• [TRY IT]: Produce a faithful copy of every record below, without the pictures.

• [PROVIDED MATERIAL]:
+===+

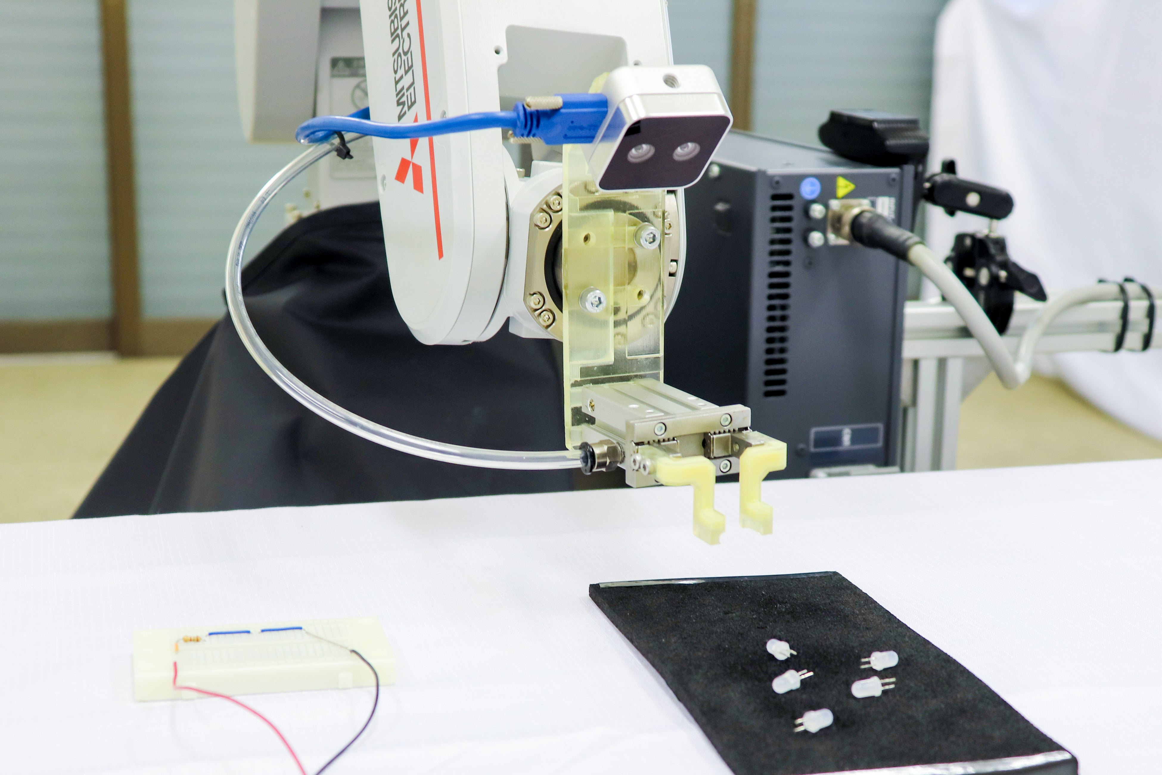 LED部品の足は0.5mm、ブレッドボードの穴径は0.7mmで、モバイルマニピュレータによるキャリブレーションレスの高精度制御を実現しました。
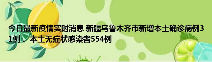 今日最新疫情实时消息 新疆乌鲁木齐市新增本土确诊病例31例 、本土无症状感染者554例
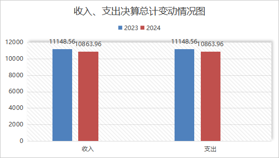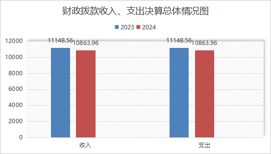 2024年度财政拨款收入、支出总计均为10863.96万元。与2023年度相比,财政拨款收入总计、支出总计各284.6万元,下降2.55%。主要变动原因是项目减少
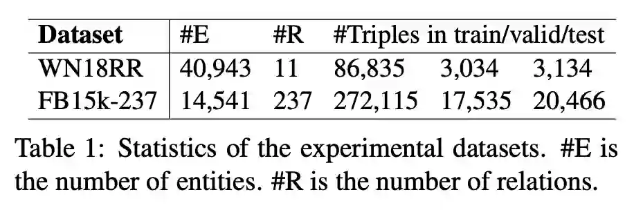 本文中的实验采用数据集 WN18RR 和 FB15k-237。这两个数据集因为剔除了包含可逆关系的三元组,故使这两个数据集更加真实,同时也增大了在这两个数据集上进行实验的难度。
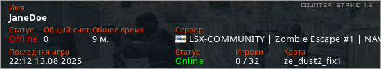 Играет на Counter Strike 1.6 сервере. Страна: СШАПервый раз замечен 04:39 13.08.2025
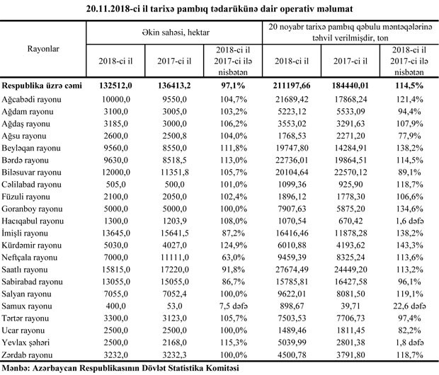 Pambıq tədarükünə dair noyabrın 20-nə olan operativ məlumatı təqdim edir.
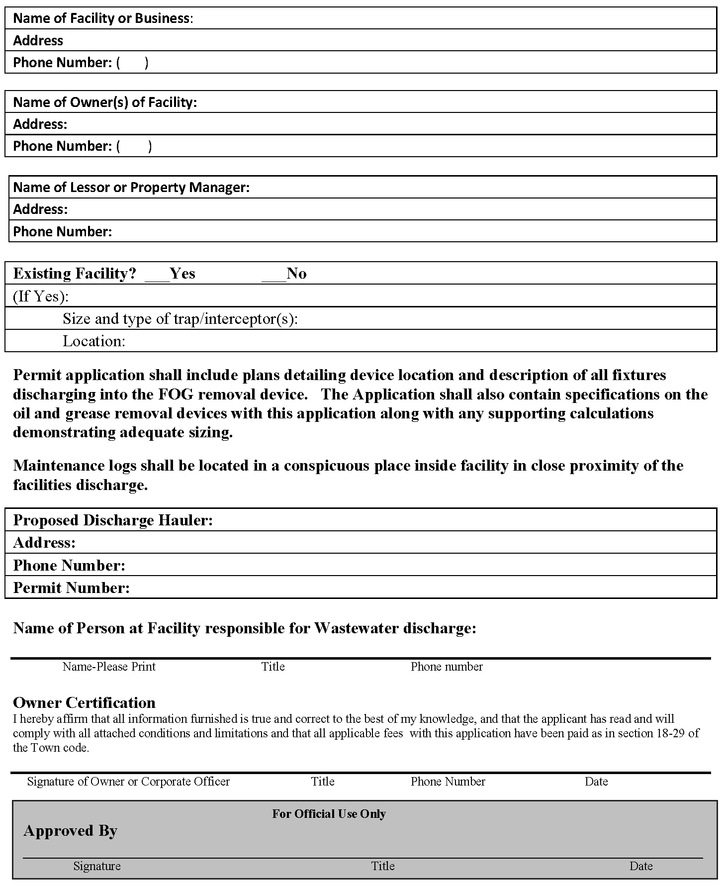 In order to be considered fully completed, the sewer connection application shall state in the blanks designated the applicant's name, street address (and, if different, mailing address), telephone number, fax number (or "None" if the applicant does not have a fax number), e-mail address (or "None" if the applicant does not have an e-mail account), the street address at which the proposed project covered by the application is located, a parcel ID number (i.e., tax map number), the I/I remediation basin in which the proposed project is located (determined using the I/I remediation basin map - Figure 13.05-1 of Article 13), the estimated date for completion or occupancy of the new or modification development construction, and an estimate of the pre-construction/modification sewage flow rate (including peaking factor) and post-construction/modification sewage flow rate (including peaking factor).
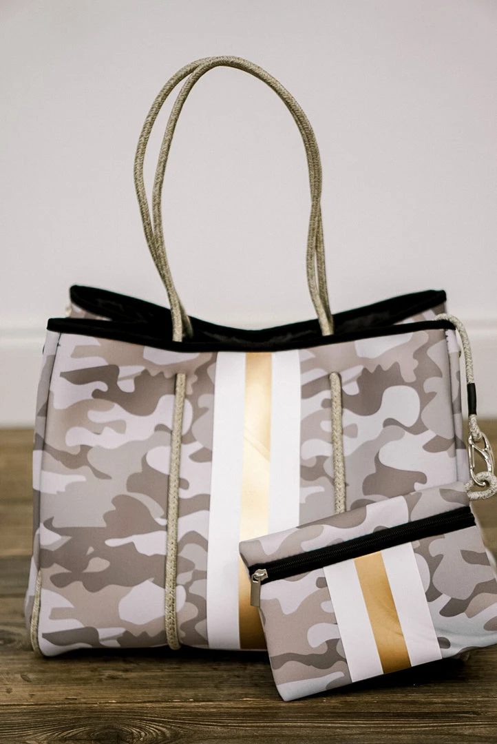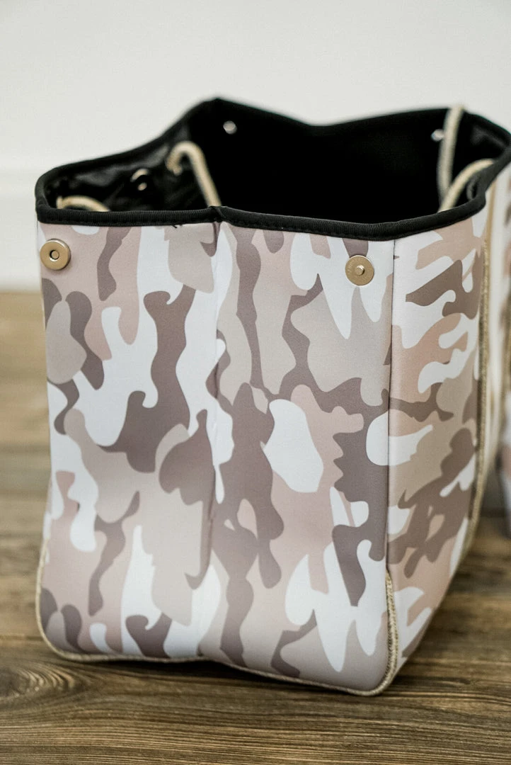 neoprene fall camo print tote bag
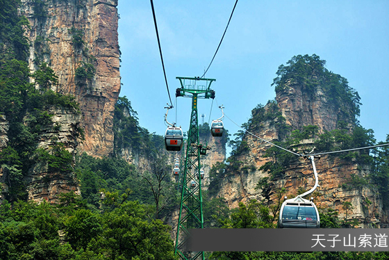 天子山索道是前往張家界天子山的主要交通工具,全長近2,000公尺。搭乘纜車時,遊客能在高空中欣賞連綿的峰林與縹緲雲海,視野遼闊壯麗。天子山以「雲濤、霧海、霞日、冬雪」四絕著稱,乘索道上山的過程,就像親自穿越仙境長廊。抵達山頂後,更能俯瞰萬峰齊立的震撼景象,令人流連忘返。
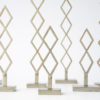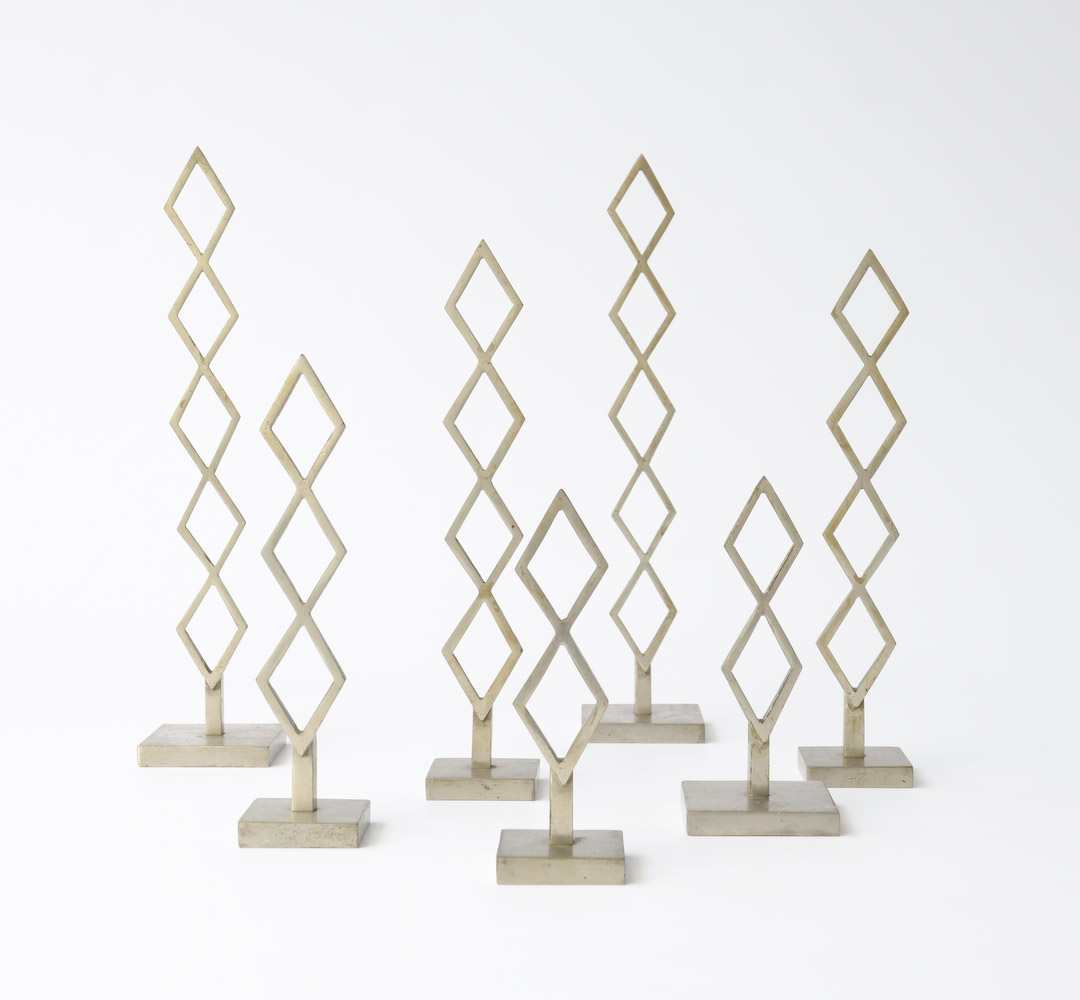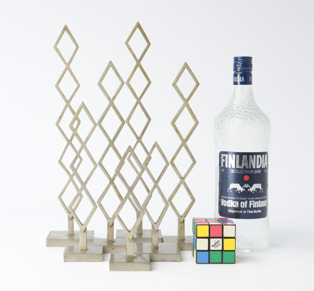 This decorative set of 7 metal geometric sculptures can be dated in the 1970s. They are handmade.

+===+

• [EXERCISE RESULT]:
 LED部品の足は0.5mm、ブレッドボードの穴径は0.7mmで、モバイルマニピュレータによるキャリブレーションレスの高精度制御を実現しました。
 今日最新疫情实时消息 新疆乌鲁木齐市新增本土确诊病例31例 、本土无症状感染者554例
 2024年度财政拨款收入、支出总计均为10863.96万元。与2023年度相比,财政拨款收入总计、支出总计各284.6万元,下降2.55%。主要变动原因是项目减少
 本文中的实验采用数据集 WN18RR 和 FB15k-237。这两个数据集因为剔除了包含可逆关系的三元组,故使这两个数据集更加真实,同时也增大了在这两个数据集上进行实验的难度。
 Играет на Counter Strike 1.6 сервере. Страна: СШАПервый раз замечен 04:39 13.08.2025
 Pambıq tədarükünə dair noyabrın 20-nə olan operativ məlumatı təqdim edir.
 In order to be considered fully completed, the sewer connection application shall state in the blanks designated the applicant's name, street address (and, if different, mailing address), telephone number, fax number (or "None" if the applicant does not have a fax number), e-mail address (or "None" if the applicant does not have an e-mail account), the street address at which the proposed project covered by the application is located, a parcel ID number (i.e., tax map number), the I/I remediation basin in which the proposed project is located (determined using the I/I remediation basin map - Figure 13.05-1 of Article 13), the estimated date for completion or occupancy of the new or modification development construction, and an estimate of the pre-construction/modification sewage flow rate (including peaking factor) and post-construction/modification sewage flow rate (including peaking factor).
 neoprene fall camo print tote bag
 天子山索道是前往張家界天子山的主要交通工具,全長近2,000公尺。搭乘纜車時,遊客能在高空中欣賞連綿的峰林與縹緲雲海,視野遼闊壯麗。天子山以「雲濤、霧海、霞日、冬雪」四絕著稱,乘索道上山的過程,就像親自穿越仙境長廊。抵達山頂後,更能俯瞰萬峰齊立的震撼景象,令人流連忘返。
 This decorative set of 7 metal geometric sculptures can be dated in the 1970s. They are handmade.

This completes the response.